Il convient également de souligner l'importance du plan triennal d'urgence pour le traitement des logements les plus délabrés du parc domanial, dont la mise en oeuvre a débuté en 2015 et dont la déclinaison pour 2016 prévoit 70 millions d'euros en autorisation d'engagement pour réhabiliter environ 5 000 logements. Ce plan d'urgence est essentiellement destiné à l'entretien et la réhabilitation des logements en vue de supprimer les « points noirs ». Le plan prévoit ainsi d'engager une trentaine d'opérations de réhabilitation lourde et de mise aux normes de casernes ainsi que les secondes phases de réfection du clos et du couvert des casernes de Bouliac et de Gap.

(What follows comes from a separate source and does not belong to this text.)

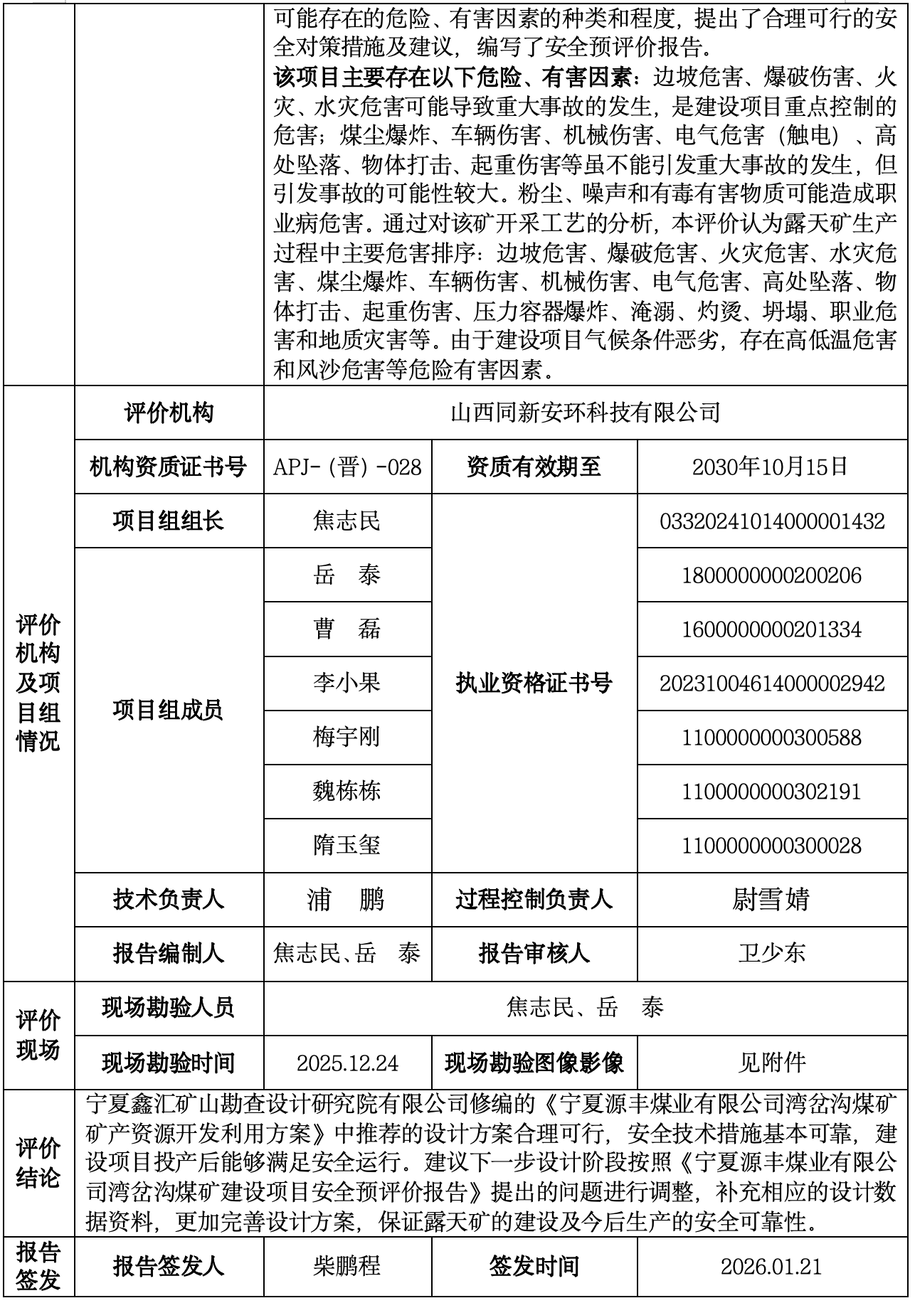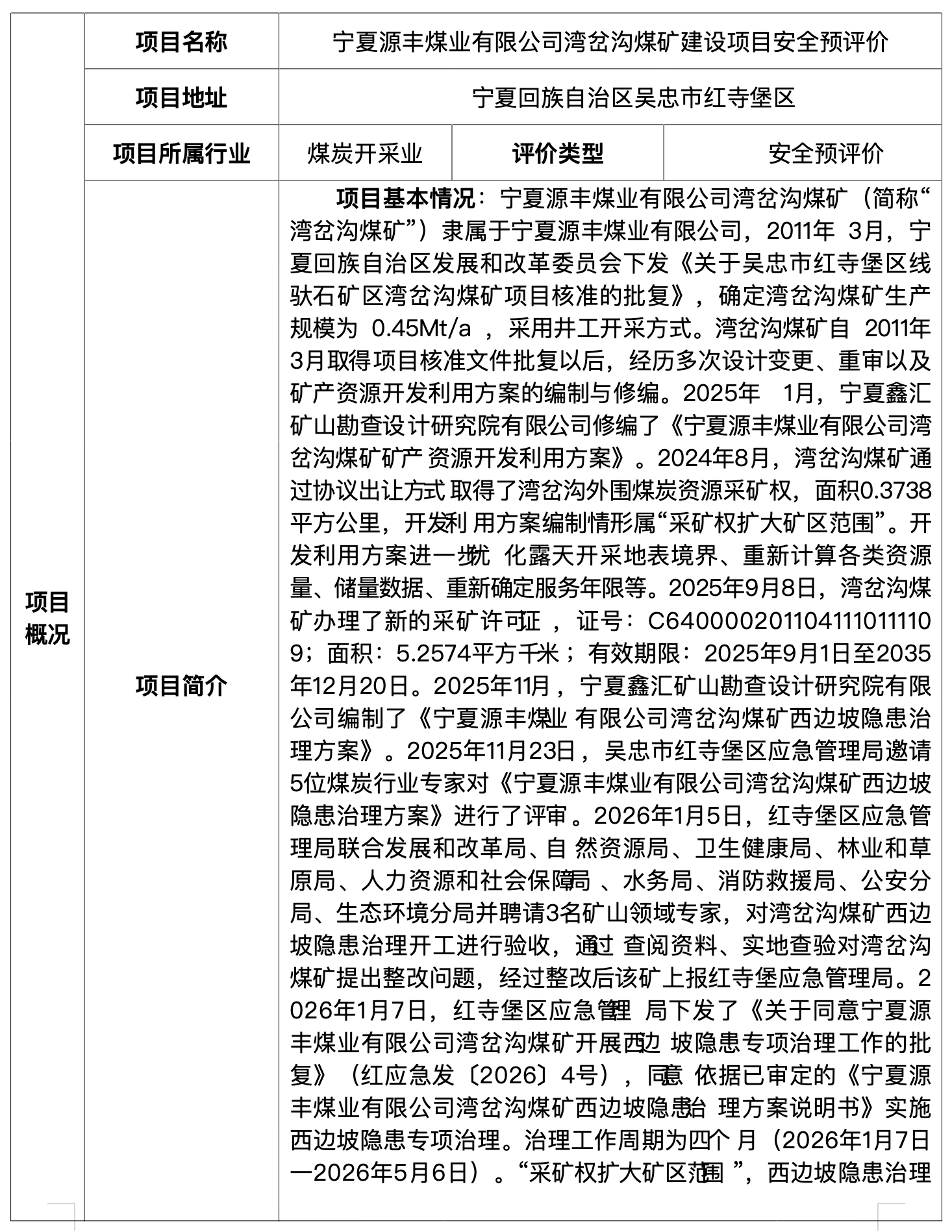 宁夏源丰煤业有限公司湾岔沟煤矿建设项目安全预评价

Enfin, le déploiement du projet NEOGEND permettra de doter les gendarmes d'outils mobiles d'accès aux systèmes d'information, dans une logique de proximité et de souplesse dans l'emploi des forces, en particulier en milieu rural. Le directeur général de la gendarmerie nationale nous a ainsi fait part du projet de doter l'ensemble des gendarmes de terrain d'une tablette informatique permettant d'automatiser de nombreuses tâches répétitives. A ce plan centré sur la mobilité, s'ajoutera le volet 2016 du plan de modernisation technologique de la gendarmerie qui permettra de développer des dispositifs de pré-plaintes en ligne ou encore d'aide à la décision s'appuyant sur les données de masse (Big Data).

Enfin, je voudrais évoquer le bilan selon moi très positif de l'utilisation de la réserve opérationnelle de la gendarmerie. De toutes les réserves militaires, c'est celle qui fonctionne le mieux. En 2014, environ 23 000 réservistes ont été mobilisés pour 468 452 jours d'activités. Les réservistes ont été intégrés en 2015 dans le dispositif opérationnel de lutte anti-terroriste mis en place par la gendarmerie nationale. Ils ont ainsi renforcé les unités territoriales sous forme de détachements autonomes (détachements de surveillance et d'intervention), participé à la sécurité et à la surveillance des sites sensibles et apporté de manière permanente un soutien au dispositif de renseignement et d'information de la gendarmerie. Ils jouent en effet, grâce à la diversité de leur recrutement, le rôle de « capteurs » auprès de leurs lieux de résidence et des milieux socioprofessionnels auxquels ils appartiennent.

En conclusion, même si la situation budgétaire reste tendue et malgré certains points noirs persistants comme l'immobilier domanial, pour lequel un effort important sera toutefois fait en 2016, les crédits de la gendarmerie nationale sont préservés et même renforcés dans certains domaines. En outre, la posture de la gendarmerie a été dûment adaptée au contexte sécuritaire issu des événements de janvier dernier et la récente crise migratoire a également été réellement prise en compte. Dès lors, nous avons toutes les raisons de donner un avis favorable à ce budget.